Genotyping of the mapping population and parents in duplicate was carried out using an Affymetrix mango genome 80K SNP genotyping chip array (MiSNPnks 96 array, Dr. N. K. Singh, unpublished) having a total of 18,816 genes belonging to five different categories of genes such as single-copy mango genes (SCM), conserved single-copy genes between citrus and mango (CSCCM), cloned horticulturally important mango genes (HIM), disease resistance defense response-like mango genes (DRDRM), and multi-copy genes (MCR). The average SNP density is ~6 per gene, which is highly significant in linkage mapping and QTL identification studies in mango.

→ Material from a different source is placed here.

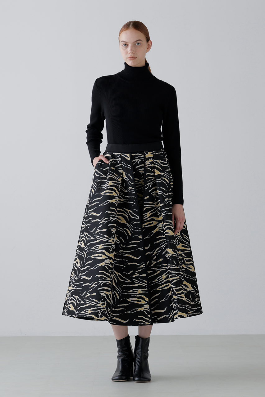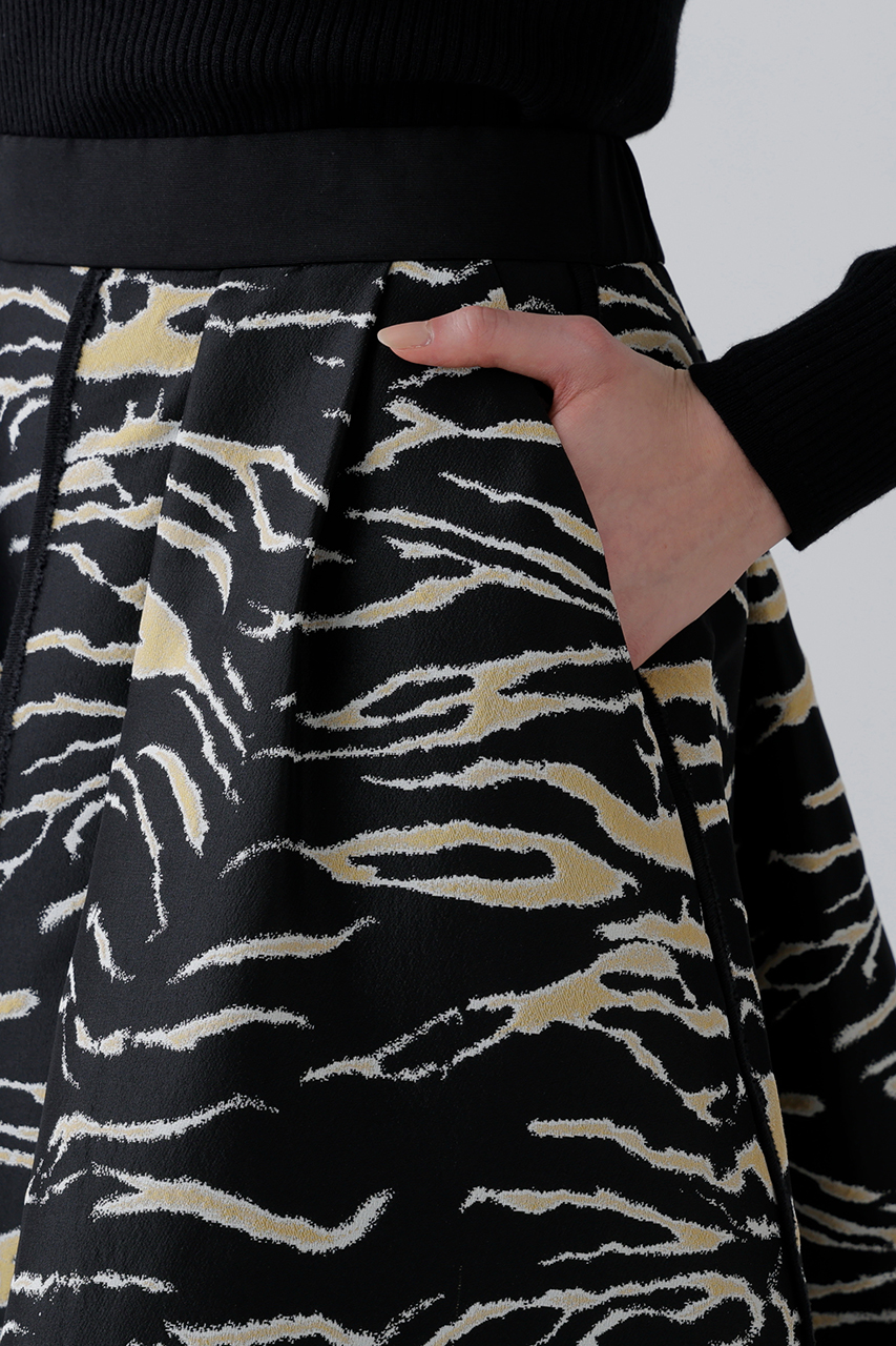 アーカイブのゼブラジャカードの素材を使用したエクスクルーシブなタックフレアスカート。マットなポリエステル糸を使用し、モチーフを二重織ジャカードであらわしたコンパクトな素材感。分量感のあるタックフレアが華やかに広がり、縦のラインにはグログランパイピングを施し、モードなアクセントに。
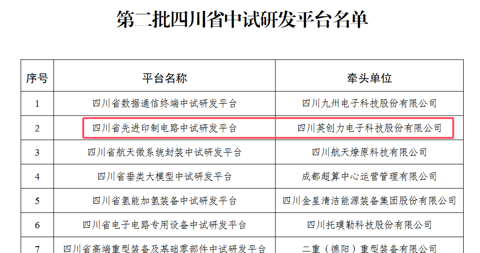近日,四川省科学技术厅正式公布第二批省级中试研发平台名单,遂宁经开区企业四川英创力电子科技股份有限公司凭借在高精密印制电路板领域的技术攻坚与产业化闭环能力,成功获批“四川省先进印制电路中试研发平台”。

DNA for genotyping was isolated from the young leaves of individual trees of the mapping population and parents following the CTAB method as modified by Ramachandra et al., 2021. Genomic DNA quality was checked by electrophoresis in 1% agarose gel and quantified using a nanodrop spectrophotometer (NanoDrop 2000 Spectrophotometer, Thermo Scientific, USA). For target probe preparation, 50 μl of genomic DNA with a concentration of 10 ng/ul was used according to Affymetrix Axiom^® 2.0 Assay Manual. The DNA samples were pre-amplified using Target Prep Protocol QSCB1 (P/N 702990), fragmented and hybridized on the chip, followed by single-base extension through DNA ligation and signal amplification. The Affymetrix GeneTitan^® platform was used for staining, washing, and scanning of the chip signals as per manufacturer’s protocol. SNP allele calling was done using Axiom™ Analysis Suite version 2.0 using its three workflows, i.e., best practices, sample QC, genotyping, and summary on the Affymetrix Gene Titan. The Axiom Analysis Suite requires stored library files to convert CEL files into genotype calls. SNPs with low call rate across the samples were removed, and only good quality SNPs with a DQC of >0.85 and call rates of >95% were used for further analysis.

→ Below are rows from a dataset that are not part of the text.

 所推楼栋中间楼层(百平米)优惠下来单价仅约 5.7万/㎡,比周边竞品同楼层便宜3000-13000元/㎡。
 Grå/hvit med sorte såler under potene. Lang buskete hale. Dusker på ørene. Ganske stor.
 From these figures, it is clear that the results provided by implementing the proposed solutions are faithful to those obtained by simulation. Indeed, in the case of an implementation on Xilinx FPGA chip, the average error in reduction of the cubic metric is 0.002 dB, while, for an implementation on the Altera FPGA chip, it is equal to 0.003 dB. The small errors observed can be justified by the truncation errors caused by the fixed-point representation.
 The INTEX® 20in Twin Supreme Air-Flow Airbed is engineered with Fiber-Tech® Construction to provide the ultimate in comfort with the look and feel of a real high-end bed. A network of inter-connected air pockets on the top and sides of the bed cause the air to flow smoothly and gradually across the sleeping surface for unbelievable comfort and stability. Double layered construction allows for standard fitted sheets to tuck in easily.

Genotype calls from all SNP markers generated by the Affymetrix GeneTitan^® platform from 92 progenies and parents were appended into a single csv file for export to Excel. A total of 80,816 SNPs were amplified, out of which loci with >5% missing data were filtered out. Markers amplified in only one of the two replications of the parents were also removed. The SNP allelic patterns between parents were taken as a reference for allele assignment in the mapping population. Monomorphic SNP markers were removed because they would not be informative for finding recombination events. Further, homozygous SNP markers for different alleles between the parents (aa, bb, or vice versa) were also removed, as there would be no segregation for such markers in the F₁ population. Thus, a total of 32,916 informative polymorphic SNP markers were identified between Amrapali and Sensation ( Table 1 ).

Based on analysis of allelic variation between parents for each polymorphic locus, SNP markers were classified as per the expected Mendelian segregation ratio in the mapping population. This set of SNP markers were mapped on the Dashehari physical map (unpublished) to assign their location on the chromosomes, and only those which mapped back on the chromosomes were retained. Polymorphic SNPs identified between parents represented multiple SNPs per gene. Therefore, only single SNPs per gene were selected ( Tables 1 , 2 ).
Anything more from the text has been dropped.